The function f is defined by $$f: x \mapsto \ln(4 - 2x), \quad x < 2 \quad \text{and} \quad x \in \mathbb{R}.$$ (a) Show that the inverse function of f is defined by $$f^{-1}: x \mapsto 2 - \frac{1}{2} e^x$$ and write down the domain of f^{-1} - Edexcel - A-Level Maths Pure - Question 6 - 2007 - Paper 6

The range of f^{-1} is determined by the domain of the original function f. Since f is defined for all x where x < 2, the output of f will be:

$f(x) \in (-\infty, \ln(4)),$ where \ln(4) occurs at x approaching 2 from the left. Therefore, the range of f^{-1} is:

$f^{-1}(x) \in (2 - \frac{1}{2} e^{\ln(4)}, 2) = (0, 2).$

To sketch the graph of the inverse function:

1. y-intercept: When x = 0:

   $y = f^{-1}(0) = 2 - \frac{1}{2} e^0 = 1.$
   Coordinate: (0, 1).

2. x-intercept: When y = 0:

   $0 = 2 - \frac{1}{2} e^x \Rightarrow \frac{1}{2} e^x = 2 \Rightarrow e^x = 4 \Rightarrow x = \ln(4).$
   Coordinate: (\ln(4), 0).

The graph will have the shape of the function decreasing and asymptotic toward y = 2 as x approaches minus infinity.

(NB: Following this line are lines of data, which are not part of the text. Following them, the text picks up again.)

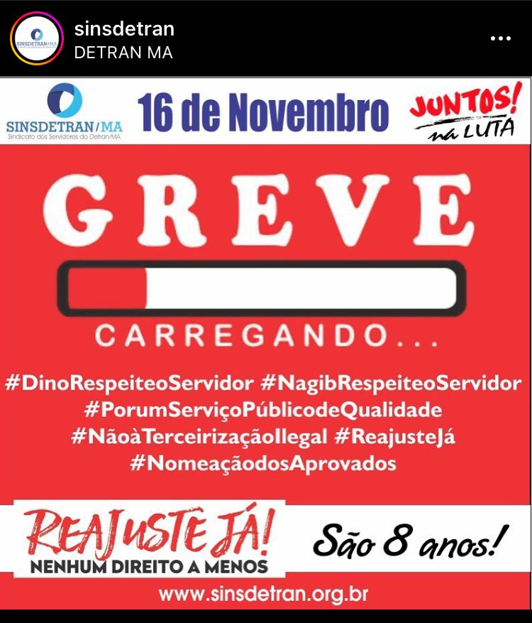 Servidores do Departamento de Trânsito do Maranhão (DETRAN-MA) confirmaram em nota que haverá paralisações das atividades a partir desta terça-feira (16). Segundo os trabalhadores, a greve será por tempo indeterminado.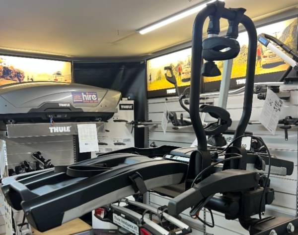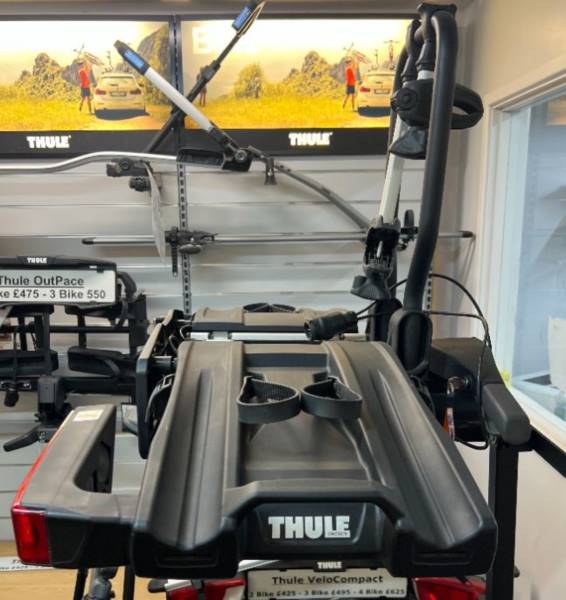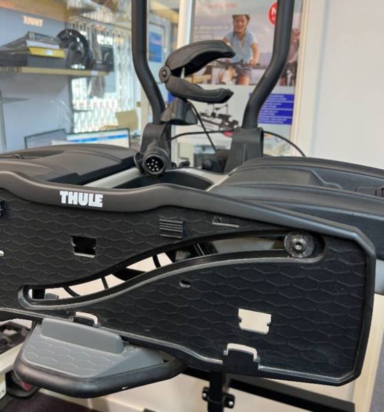 • - Easy mounting of bikes through detachable bike arms with lockable Thule AcuTight torque limiter knobs that click when optimal torque is reached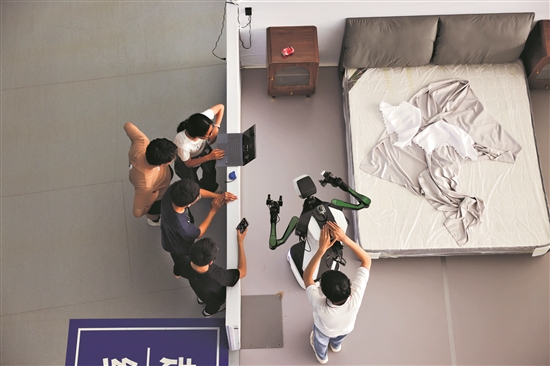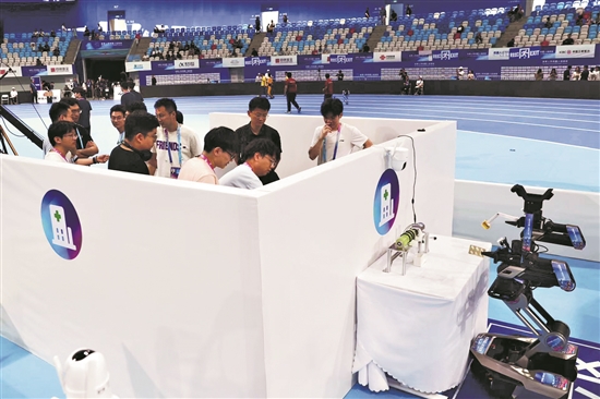 8月4日,參加場景賽的參賽隊正在“酒店客房”調(diào)試機器人,讓其在比賽中可以更加精準高效。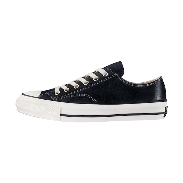 「CHUCK TAYLOR LEATHER OX」は、環境に配慮したドライタンニングによって丁寧になめされたセミシャイン仕上げのフルグレインレザーを採用。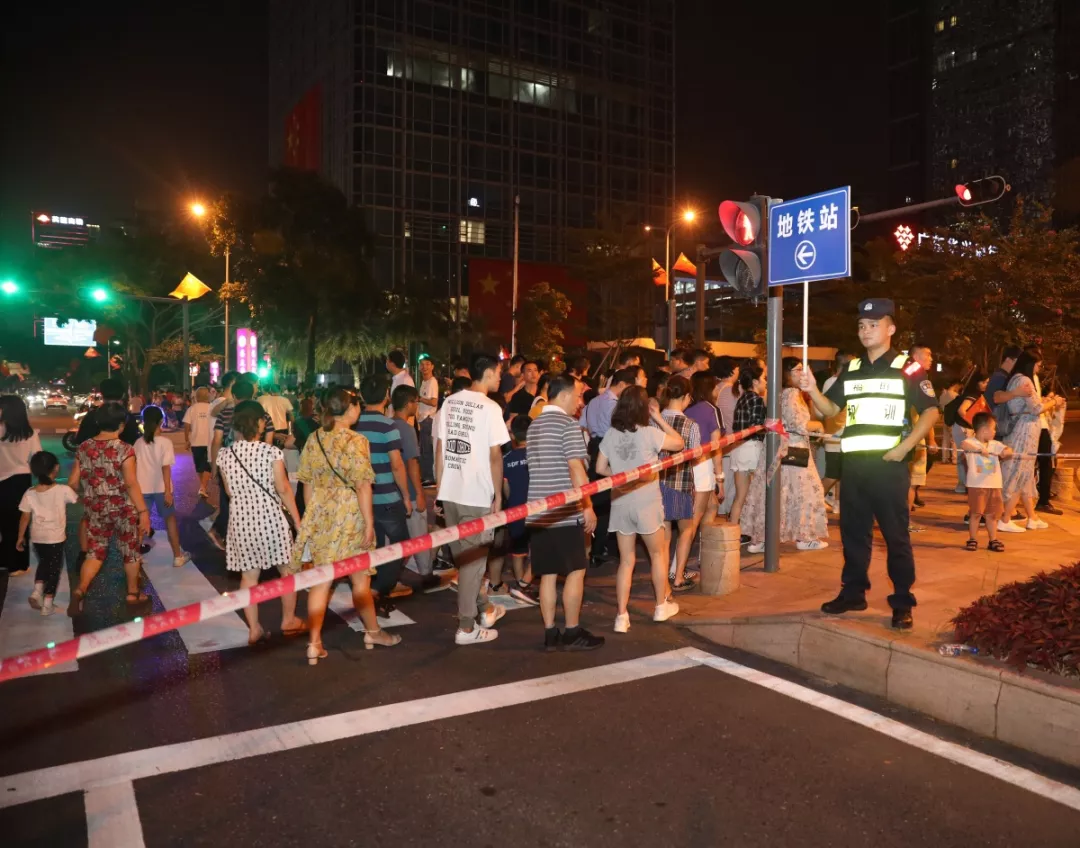 “同一個(gè)時(shí)間、同一個(gè)地點(diǎn),如何保證十幾萬人看完燈光秀,安全、有序、祥和地離開,這不是一個(gè)簡單的安保工作,是一個(gè)系統(tǒng)工程?!备L飬^(qū)副區(qū)長、公安分局局長江峰表示。本次燈光秀疏導(dǎo)工作在國慶節(jié)前已做了預(yù)案,警力每天下午五點(diǎn)半就全部上崗,保證所有的閘口人員就位,封控福中三路和深南大道輔道,利用隔離帶當(dāng)鐵馬,人流北進(jìn)南出?!拔覀兺ㄟ^在廣場各出入口及周邊路段,加裝地鐵、公交指示牌,全程指引疏導(dǎo)人群走向。對市民中心地鐵站六個(gè)出入口進(jìn)行單循環(huán)規(guī)劃,所有觀眾進(jìn)場都是單行線,這樣人群不會形成對沖,保證疏導(dǎo)有序進(jìn)行。”福田公安分局副局長譚慶彬介紹道。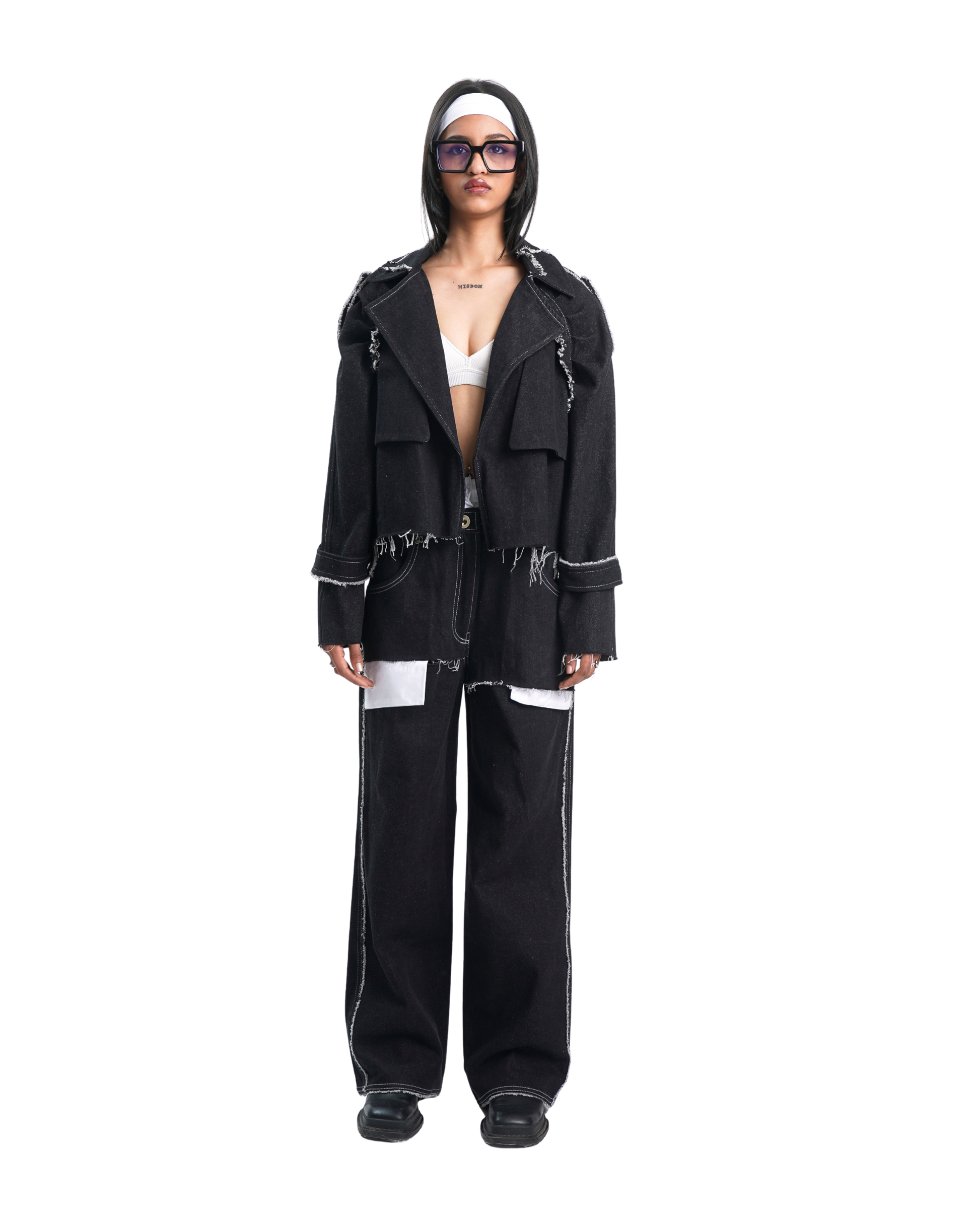 A new-age oversized statement piece featuring multiple denim layers, frayed detailing, and an unfinished hemline. Designed with voluminous raglan sleeves and a belted cuff.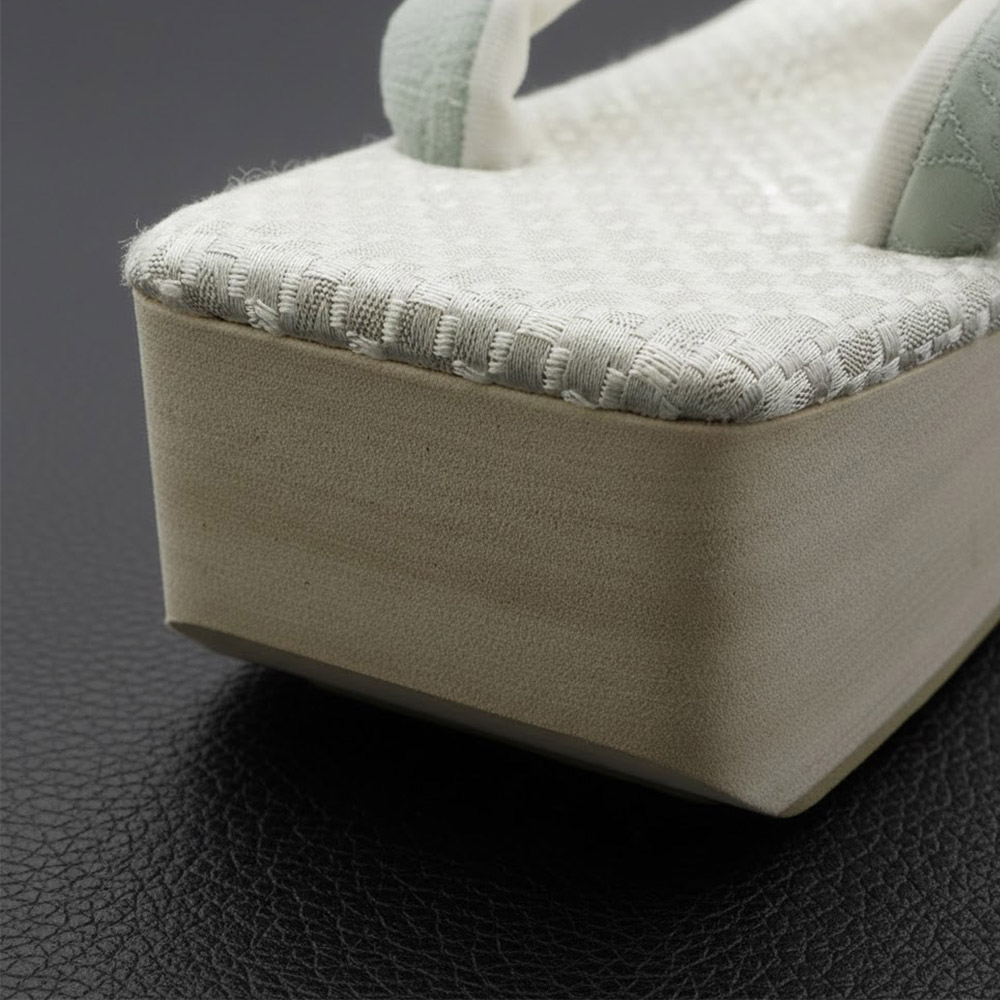 台には、スポーツ用品にもよく使用されるEVAゴムなので軽量で歩きやすい機能性。すげ穴も付いているので、鼻緒の調節が可能です(※専門店にご相談ください)。かかとゴムも交換可能なので、どんどん歩いて長く楽しめるのも嬉しいですね。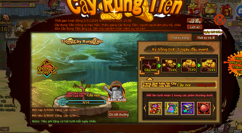 Trong thời gian event nạp 1 lần đạt mức chỉ định , nhận trả lễ vàng
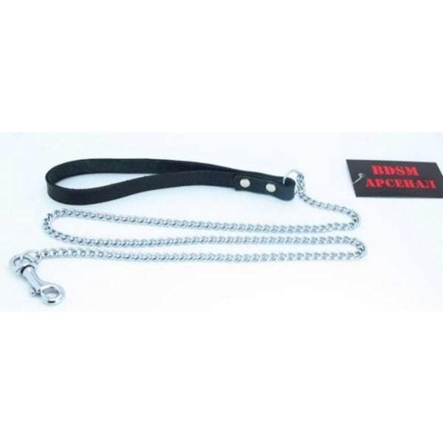 Поводок изготовлен из натуральной кожи. При изготовлении использована фурнитура с никелевым покрытием. Металлическая цепочка (поводок), с карабином на конце, поможет вам с лёгкостью управлять своим партнёром. Длина цепочки - 90 см., ширина - 0,8 см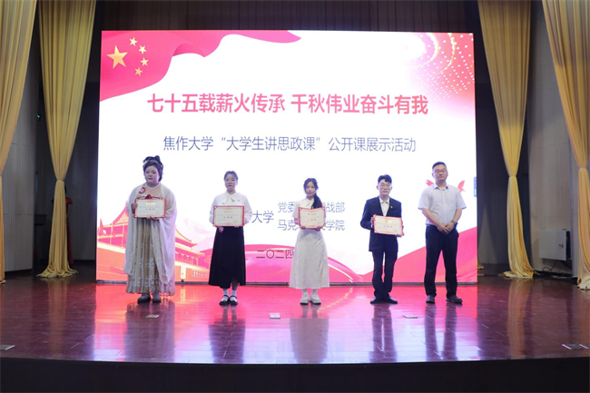 本次活動是學(xué)校深化新時代高校思政課改革創(chuàng)新的有益嘗試,也是構(gòu)建好“大思政課”全面育人新格局的重要抓手。今后,學(xué)校將繼續(xù)增強(qiáng)思政課的思想性、理論性和生動性,充分發(fā)揮大學(xué)生的積極性、主動性和創(chuàng)造性,持續(xù)鞏固思政課程和課程思政的成果成效,加強(qiáng)思想教育,擦亮育人底色,努力培養(yǎng)出擔(dān)當(dāng)民族復(fù)興大任的時代新人,培養(yǎng)出更多德智體美勞全面發(fā)展的社會主義建設(shè)者和接班人。(焦作大學(xué)供稿)
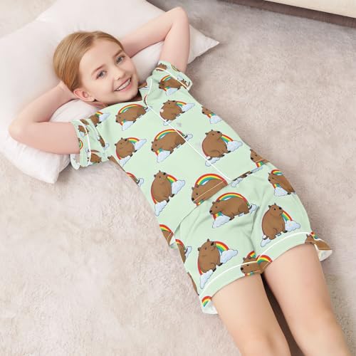 HOT ! senya Capybara with Rainbow P Satin Summer Pajama Sets Silk Short Sleeve Button Down Sleepwear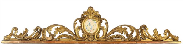 Fregio in legno intagliato e dorato a volute contrapposte con riserva ovale al centro. Secolo XIX (cm 162x6x35) (difetti e adattamenti)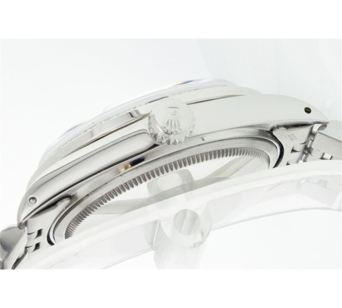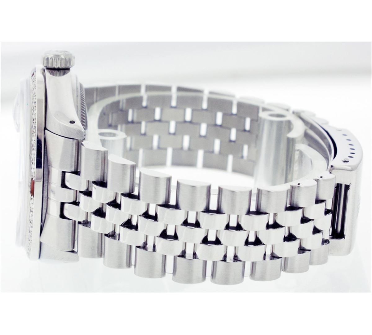 One Gents Rolex Datejust Polished, Serviced & Electronically Tested, Stainless Steel Case:36mm, Stainless Steel Crown, Custom Bezel: 18K White Gold Ruby Beadset Diamond Bezel, Diamond + Gem Count: 36 Diamonds + 4 Rubies Total Weight 1.00 Carat, Clarity: SI-VS, Color: G to H. Custom Crystal: Synthetic Sapphire Cyclops Lens. Movement: Automatic Winding Movement Caliber 3035. Custom Dial: Red Vignette With Diamond Hour Markers, 10 Diamond Dial G To H In Color, Clarity: SI-VS. Date Window: 3 O'Clock Position Date Display, Quickset, Model: 16014 Condition: G-6 Extra Fine. Bracelet: Stainless Steel Jubilee. Bright Polish & Satin Finish. 6.5 Inch Length, Adjustable. Standard Clasp, With Rolex Logo.
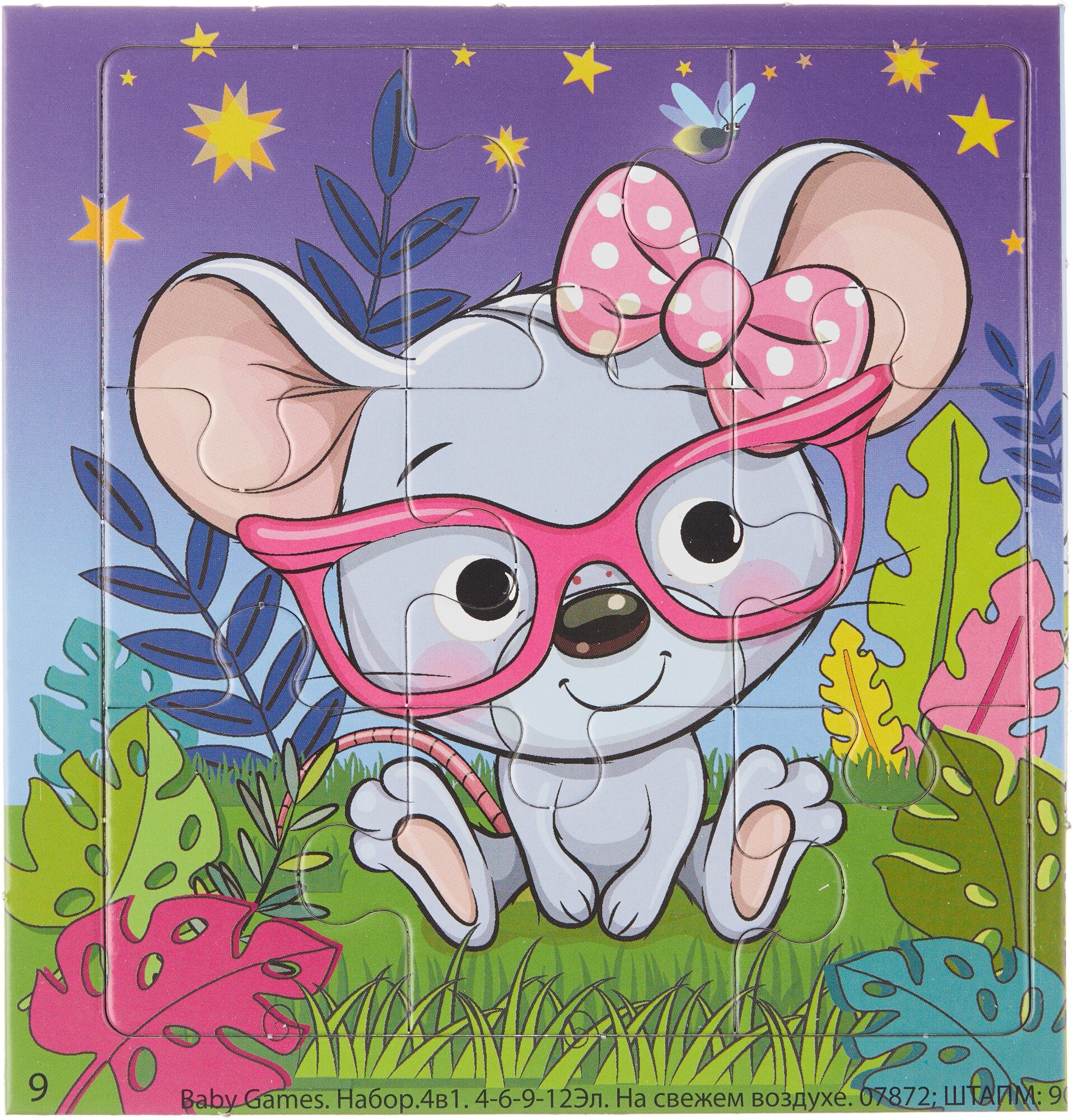 Набор пазлов 4в1 "На свежем воздухе" - это комплект пазлов с разной элементностью, включающий в себя головоломки из 4, 6, 9, 12 элементов, объединенных общей тематикой. Это необычная коллекция картинок с изображением милых персонажей, которая понравится любому ребенку. Соберите всю коллекцию! Постепенно усложняя сборку пазла от 4 элементов до 12 элементов, ребенок научится внимательности, концентрации, а также сможет развить мелкую моторику.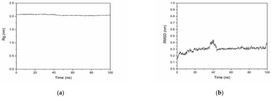 During the 100 ns simulation, the radius of gyration (Rg) values stabilized between 2.009 and 2.105 nm, with a final value of 2.057 nm at 100 ns, indicating that the protein structure remained compact. The root-mean-square deviation (RMSD) values fluctuated slightly in the first 20 ns but stabilized over time, suggesting that the system reached equilibrium.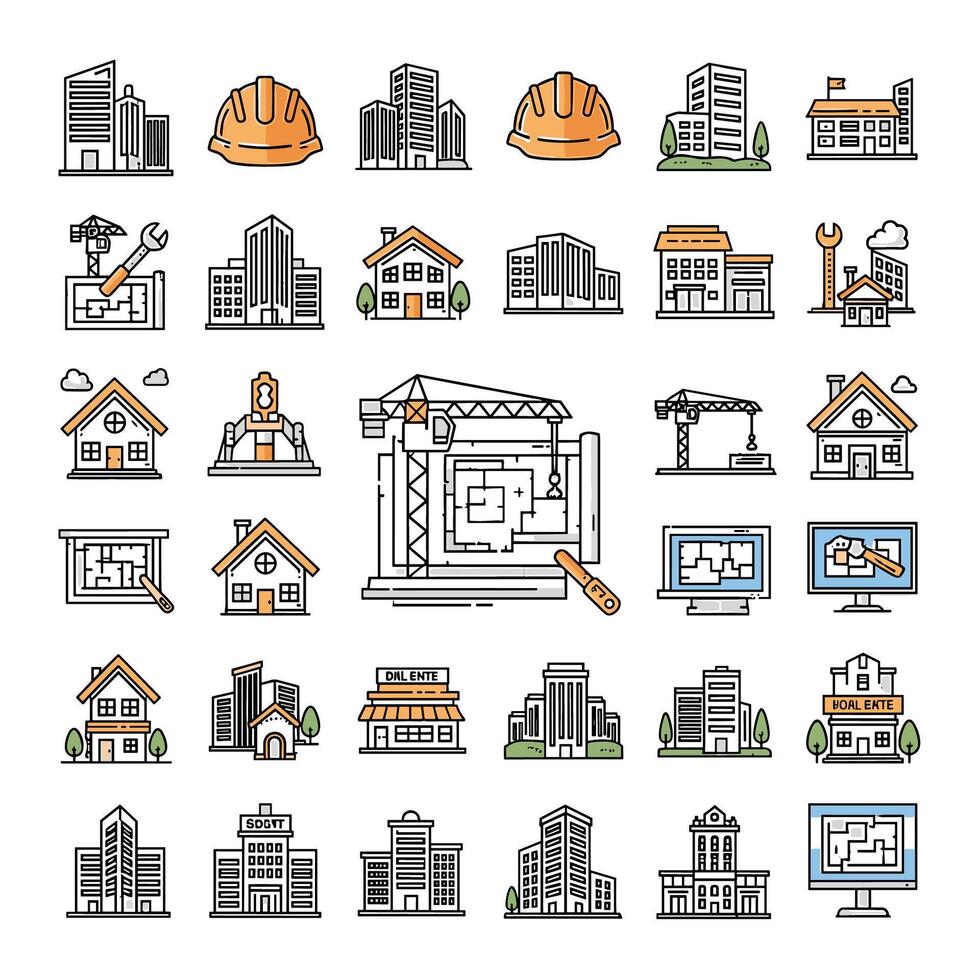 Construction Building Icons Set Outline Architectural Elements and Construction Tools for Urban Development and Engineering Projects Pro Vector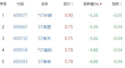 *ST宋都、ST美置、ST泰禾、*ST嘉凯、ST粤泰位列涨幅榜后五位,涨幅分别为-5.26%、-5.06%、-5.06%、-4.88%、-4.88%。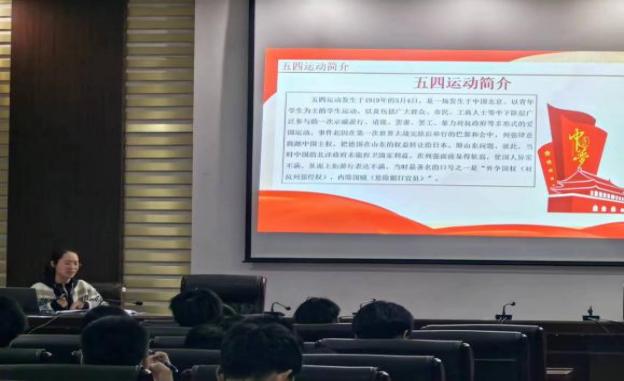 闫妍老师为同学们讲述了五四运动的发展历程及孕育出的伟大的五四精神,以习近平总书记的“五四寄语”勉励同学们弘扬五四精神,坚定理想信念,锤炼思想品德,激发行动自觉。

Using the iterative formula:

$x_{n+1} = -\frac{1}{2} e^{x_n}$

1. Start with x_0 = -0.3:

   $x_1 = -\frac{1}{2} e^{-0.3} \approx -0.35092688 \text{ (to 4 decimal places: -0.3509)}$

2. Next, calculate x_2:

   $x_2 = -\frac{1}{2} e^{x_1} \approx -0.35201671 \text{ (to 4 decimal places: -0.3520)}$

For finding k, after multiple iterations using the earlier results:

Continuing with the iterative formula until the desired accuracy, we find:

$k \approx -0.352$ to 3 decimal places.